• TASK BRIEF
Write out only the lines from the line that holds "砂利ビーズネックレスセーター" to the end of the listing below, inclusive, with the pictures omitted.

• DATA EXTRACT
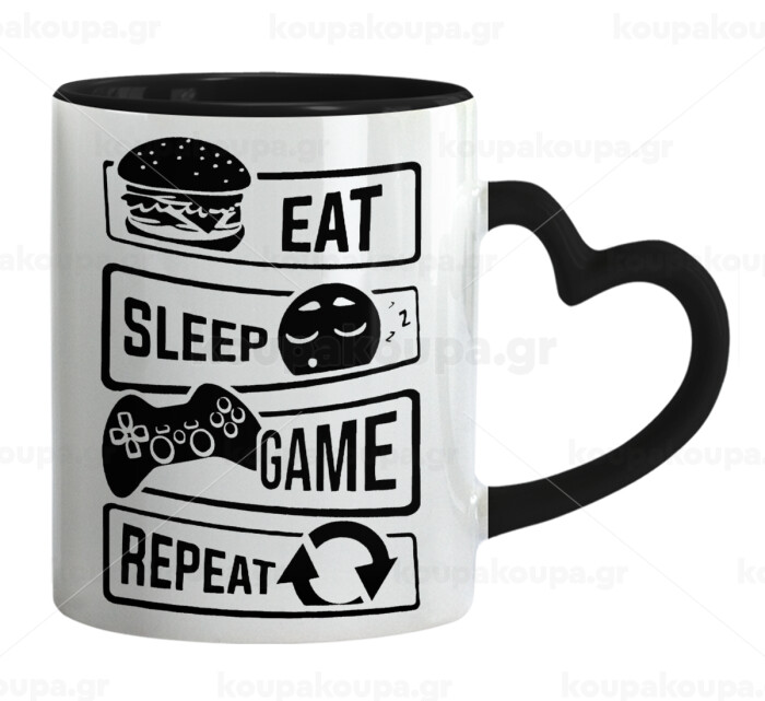 Eat Sleep Game Repeat, Mug heart black handle, ceramic, 330ml
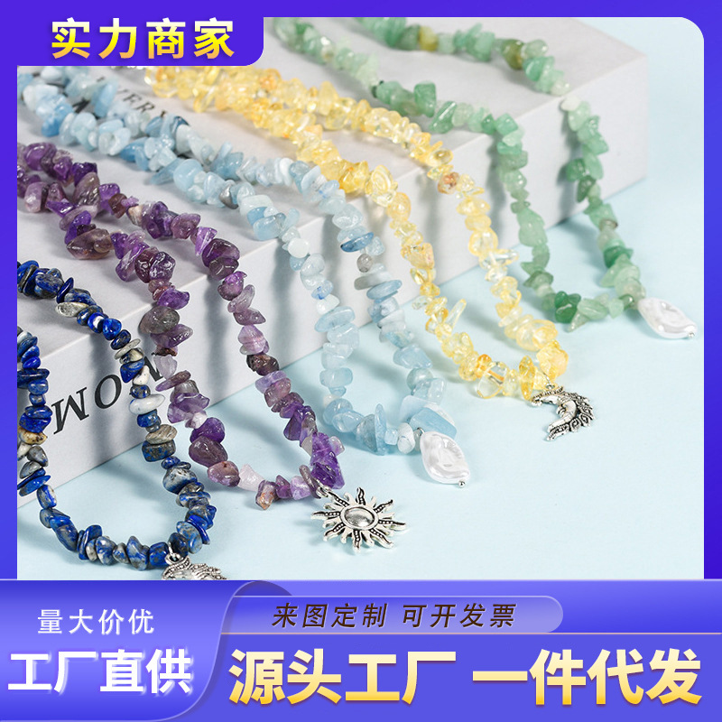 砂利ビーズネックレスセーターチェーン部品カラーストーン水晶砂利紫水晶不規則ビーズカラー水晶
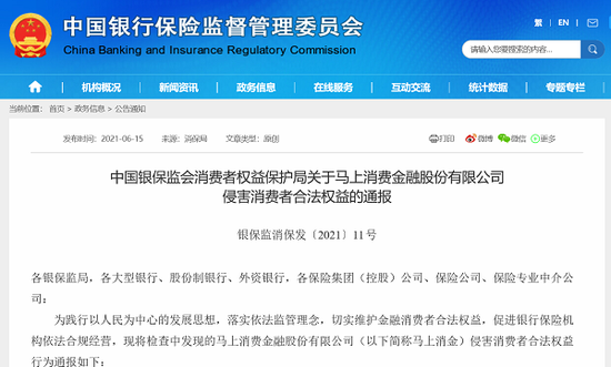 原标题:侵害消费者合法权益 马上消费金融被“点名”

• OUTPUT BELOW
 砂利ビーズネックレスセーターチェーン部品カラーストーン水晶砂利紫水晶不規則ビーズカラー水晶
 原标题:侵害消费者合法权益 马上消费金融被“点名”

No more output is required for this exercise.